File-first autonomous experiment scaffolding for long-running research controlled by AI agents or human operators.

Run hyperparameter sweeps, code mutation loops, or any iterative research process with built-in scheduling, dispatch, multi-fidelity tiers, and automatic result tracking.

Why Hermes Lab?

Most ML experiment tools assume you're training models on GPUs. Hermes Lab is domain-agnostic: it manages any experiment that has a metric, a search space, and a way to run iterations. The lab is the scheduler and bookkeeper; you bring the executor.

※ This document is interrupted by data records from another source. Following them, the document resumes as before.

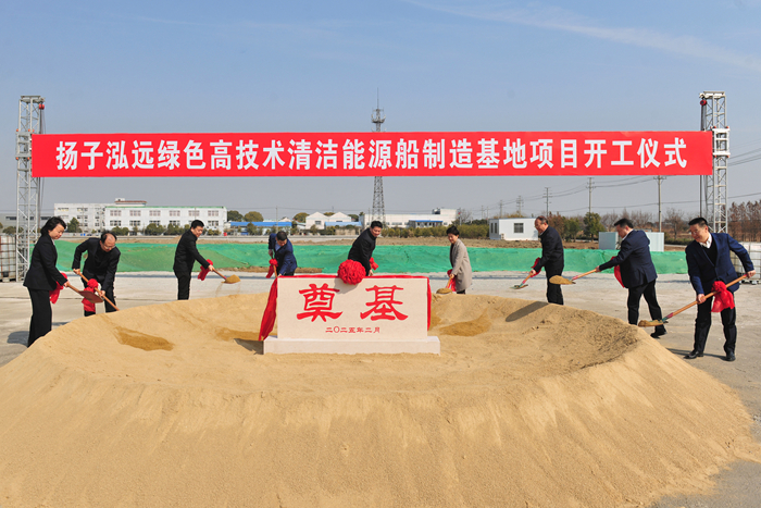 2月19日,揚子泓遠綠色高技術清潔能源船制造基地項目(以下簡稱“揚子泓遠項目”)舉行奠基儀式,正式開工建設。靖江市委副書記、市政府市長申強主持儀式并致辭,我集團董事長、總經(jīng)理任樂天現(xiàn)場致辭。泰州市委書記姜冬冬宣布項目開工。泰州市委副書記、市長萬聞華,市委常委、常務副市長沈峻峰,市政府秘書長包亞,靖江市政府、人大、政協(xié)主要負責同志出席儀式,并為揚子泓遠綠色高技術清潔能源船制造基地項目培土奠基。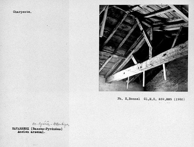 Construit vers 1680, cet ensemble comporte trois corps de bâtiments en U, à trois étages, disposés autour d'une cour centrale. L'édifice a réutilisé les murs de l'ancienne maison des rois de Navarre (traces de portes et de fenêtres du 15e ou 16e siècle). L'arsenal pouvait abriter une quantité considérable d'armes et de munitions.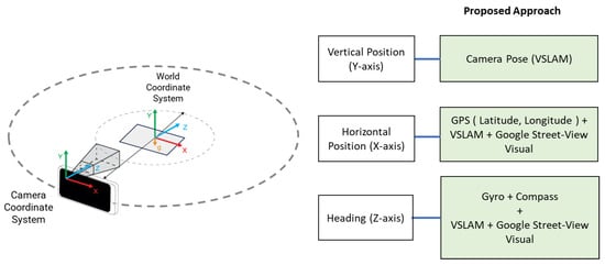 The outdoor position and localization of LAR depend on three parameters: the horizontal position (X-axis), the vertical position (Y-axis), and the heading of the user’s device (Z-axis) [46,47]. The horizontal position refers to the device’s latitude and longitude coordinates on the Earth’s surface. The vertical position refers to the height or the elevation of the device above the reference point, typically the ground level. The heading refers to the orientation or direction in which the device is pointing.
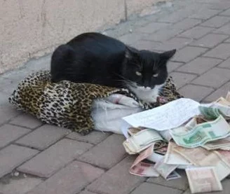 俄罗斯有个来自讨饭猫(Begging Cat),每天按时上街讨饭,非常敬业,在摊位前一趴就是8小时,直到下班才离开。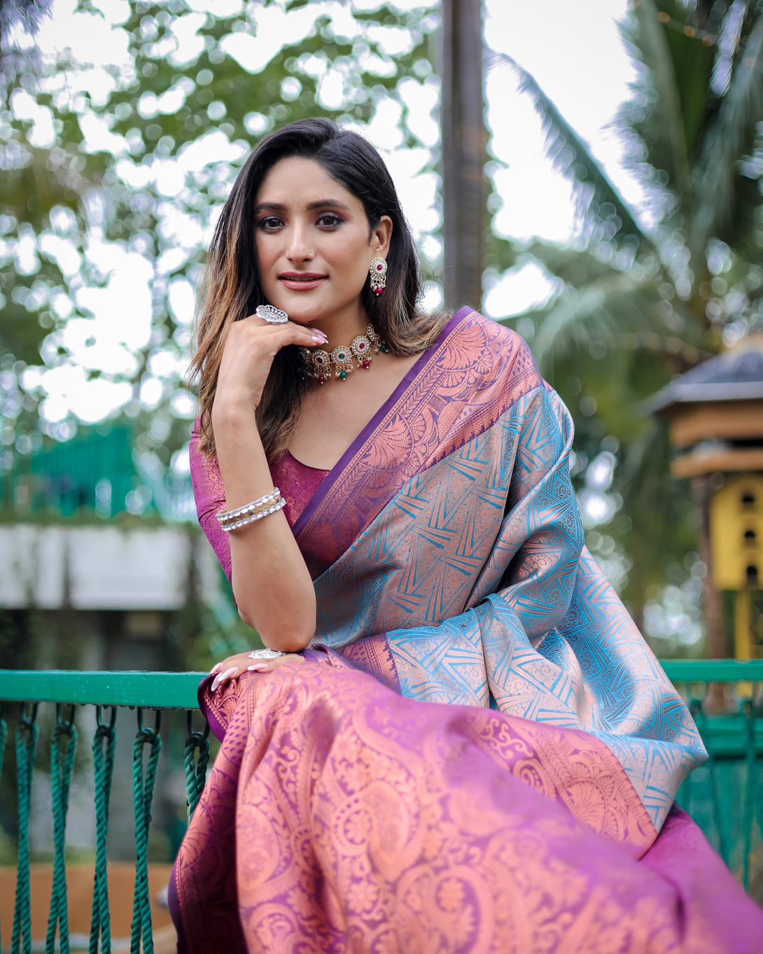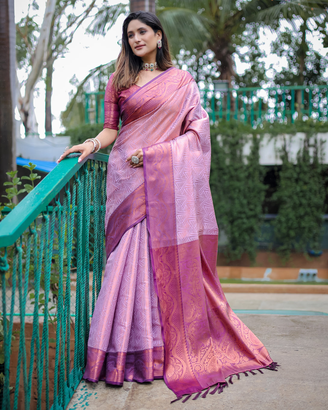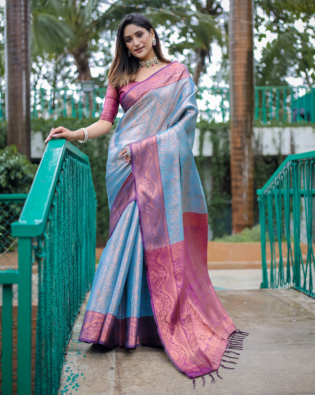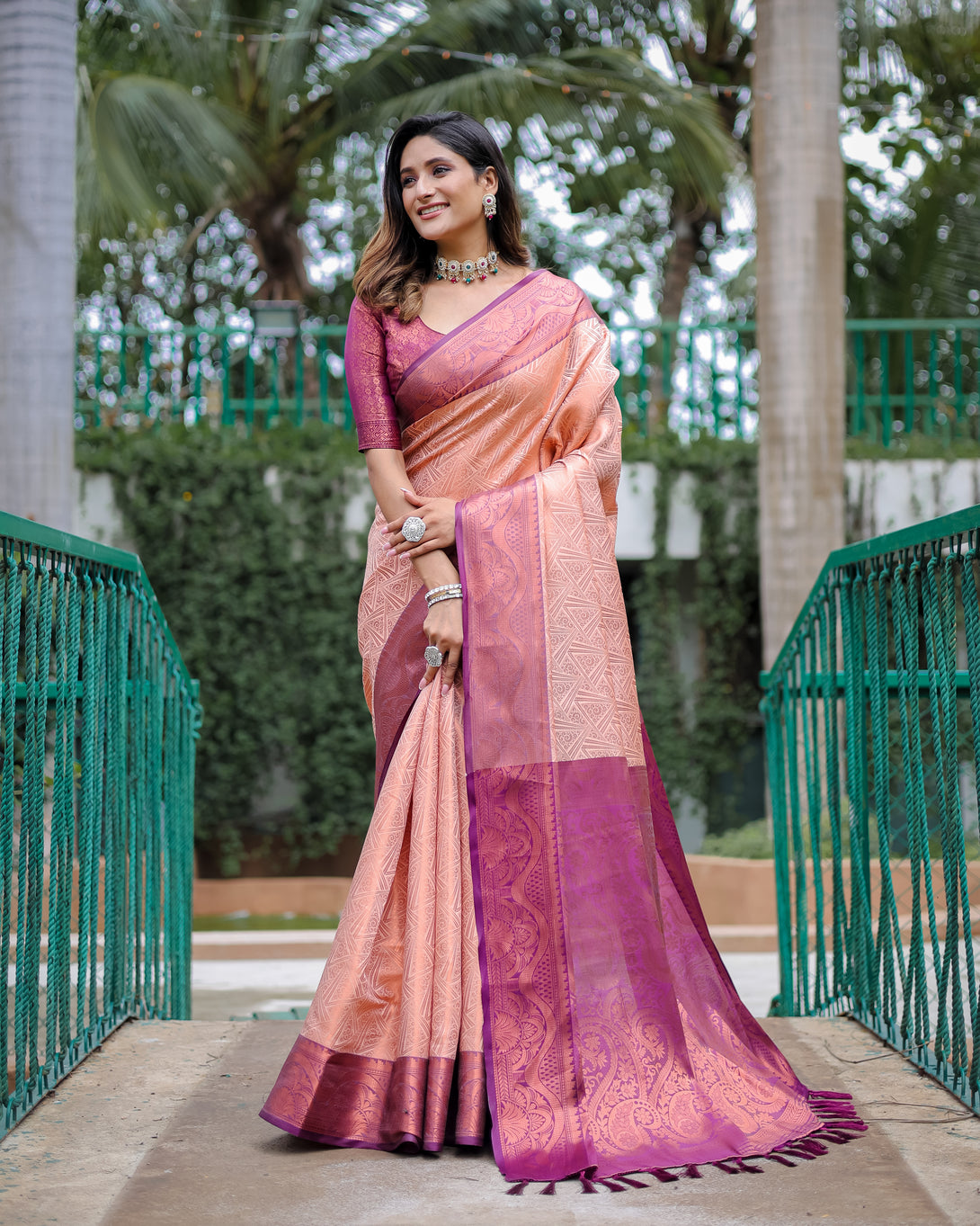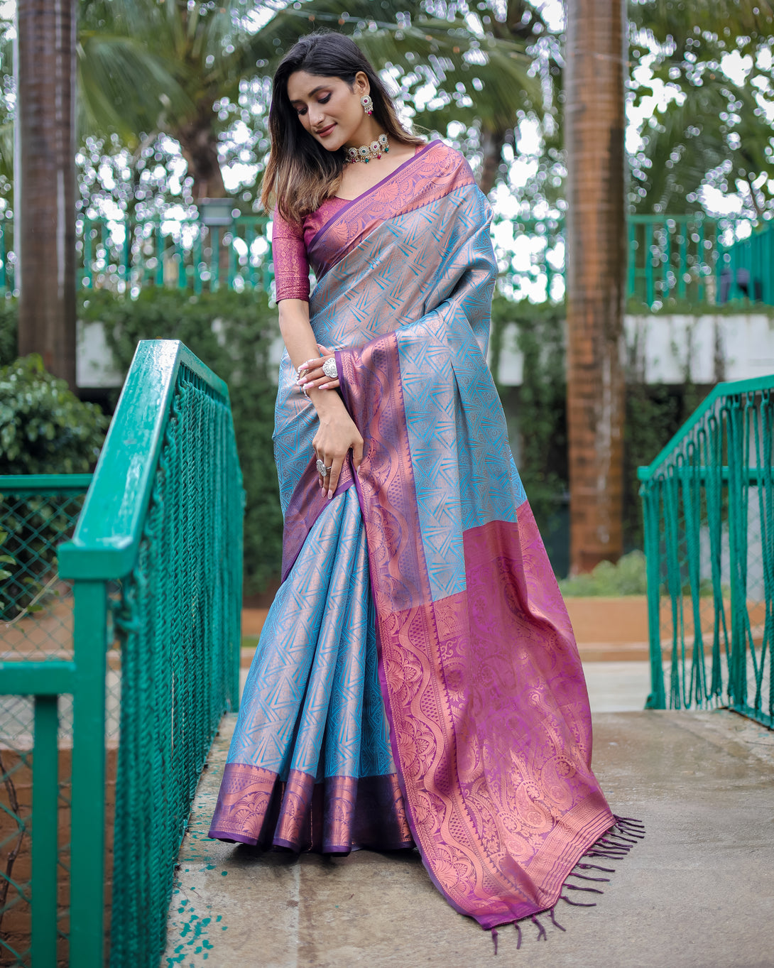 Kubera Pattu kanjivaram silk Chap dyeing copper zari Silk with two tone Border, contrast Rich Pallu And Brocade Blouse

File-first: All state lives in plain files (YAML, JSON, Markdown). No database, no server.
Agent-native: Built to be operated by AI coding agents (Claude Code, Codex, etc.) or humans via CLI.
Append-only history: Every run is an immutable bundle. Derived views (summaries, rankings) are rebuilt from sealed runs.
Multi-fidelity: Run cheap proxy experiments first, promote winners to expensive final validation.
Dispatch protocol: Let remote workers or cloud GPUs claim work packages without direct filesystem access.

Quick Start

# Clone the repo
git clone https://github.com/amenti-labs/hermes-lab.git
cd hermes-lab

# Set your data root (or use the default ./lab-data)
export HERMES_LAB_DATA_ROOT=~/hermes-lab-data

# Initialize the lab
python3 scripts/labctl.py init

# Create an experiment from a template
python3 scripts/labctl.py create templates/autoresearch-generic.yaml

# Run one scheduler cycle
python3 scripts/labctl.py run-once

# Check status
python3 scripts/labctl.py status

Execution Modes

Mode	Description	Use when
Cron	Autonomous background runs on a schedule	Unattended overnight search
Burst	Back-to-back iterations with auto-generated params	Fast exploration, you're watching
Guided	Pauses for approval before each iteration	Early experiment design, steering
Swarm	Multi-strategy rotation with shared blackboard	Broad search across approaches

# Burst: 20 random iterations
python3 scripts/labctl.py burst <exp_id> --strategy random -n 20

# Guided: approve each step
python3 scripts/labctl.py guided <exp_id> --strategy perturb -n 10

# Swarm: rotate strategies
python3 scripts/labctl.py swarm <exp_id> --strategies random perturb bayesian -n 30

Search Strategies

Strategy	When to use
`random`	Initial exploration, no prior knowledge
`perturb`	Refine near a good baseline
`bayesian`	10+ trials done, want smarter suggestions (needs `optuna`)
`evolution`	Large search space, population-based (needs `nevergrad`)
`tree`	AIDE-style tree search: branch new ideas or improve best ones
`llm`	LLM reads summaries and proposes next params

Templates

Start from a template that matches your use case:

Template	Description
`autoresearch-generic.yaml`	Minimal starting point for any experiment
`code-autoresearch.yaml`	Git-backed code mutation loop
`local-agent-autoresearch.yaml`	Provider-agnostic local agent mutation
`multifidelity-autoresearch.yaml`	Proxy/final two-tier experiments
`research-sprint.yaml`	Time-boxed research sprint

Key Concepts

Data root ($HERMES_LAB_DATA_ROOT): Where the lab stores all state -- experiment history, run bundles, metrics, dispatch queue. Default: ./lab-data. Set the env var to put it anywhere.
Workspace (workspace_root in SPEC): Where your experiment code lives -- training scripts, configs, search space. Can be any directory, anywhere on disk. The lab reads from it but doesn't own it.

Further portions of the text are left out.